The intention in the example is to always ensure that the states are stored in a specific order regardless of the ordering of the list used to initialise instances of the class. This is achieved by using the first constructor parameter as the basis for a private member. However, because that member is not mentioned in the constructor (whose parameters determine what is serializable as discussed above) it would not be serialized. In addition, as there is no provided mechanism to retrieve a value for statesToConsume we would fail to build a serializer for this Class.

In this case a secondary constructor annotated with @ConstructorForDeserialization would not be a valid solution as the two signatures would be the same. Best practice is thus to provide a getter for the constructor parameter which explicitly associates it with the actual member variable.

@CordaSerializable
class ConfirmRequest(statesToConsume: List<StateRef>, val transactionId: SecureHash) {
    companion object {
        private val stateRefComparator = compareBy<StateRef>({ it.txhash }, { it.index })
    }

    private val states = statesToConsume.sortedWith(stateRefComparator)

    //Explicit "getter" for a property identified from the constructor parameters
    fun getStatesToConsume() = states
}

Enums

All enums are supported, provided they are annotated with @CordaSerializable. Corda supports interoperability of enumerated type versions. This allows such types to be changed over time without breaking backward (or forward) compatibility. The rules and mechanisms for doing this are discussed in serialization-enum-evolution.

Exceptions

The following rules apply to supported Throwable implementations.

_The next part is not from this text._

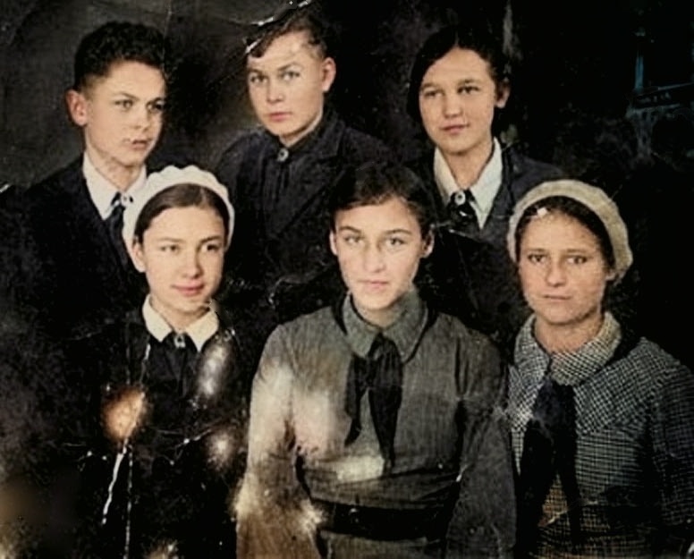 Ноябрина (ряд снизу, в центре) с сёстрами и братьями, 1930-е гг

  1. If you wish for your exception to be serializable and transported type safely it should inherit from either CordaException or CordaRuntimeException
  2. If not, the Throwable will deserialize to a CordaRuntimeException with the details of the original Throwable contained within it, including the class name of the original Throwable

Kotlin Objects

Kotlin's non-anonymous object s (i.e. constructs like object foo : Contract {...}) are singletons and treated differently. They are recorded into the stream with no properties, and deserialize back to the singleton instance. Currently, the same is not true of Java singletons, which will deserialize to new instances of the class. This is hard to fix because there's no perfectly standard idiom for Java singletons.

Kotlin's anonymous object s (i.e. constructs like object : Contract {...}) are not currently supported and will not serialize correctly. They need to be re-written as an explicit class declaration.

Class synthesis

Corda serialization supports dynamically synthesising classes from the supplied schema when deserializing, without the supporting classes being present on the classpath. This can be useful where generic code might expect to be able to use reflection over the deserialized data, for scripting languages that run on the JVM, and also for ensuring classes not on the classpath can be deserialized without loading potentially malicious code.

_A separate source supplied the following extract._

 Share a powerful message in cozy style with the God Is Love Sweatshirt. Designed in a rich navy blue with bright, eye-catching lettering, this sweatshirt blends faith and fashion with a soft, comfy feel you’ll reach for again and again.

Possible future enhancements include:

  1. Java singleton support. We will add support for identifying classes which are singletons and identifying the static method responsible for returning the singleton instance
  2. Instance internalizing support. We will add support for identifying classes that should be resolved against an instances map to avoid creating many duplicate instances that are equal (similar to String.intern())

Type Evolution

Type evolution is the mechanism by which classes can be altered over time yet still remain serializable and deserializable across all versions of the class. This ensures an object serialized with an older idea of what the class "looked like" can be deserialized and a version of the current state of the class instantiated.

More detail can be found in serialization-default-evolution.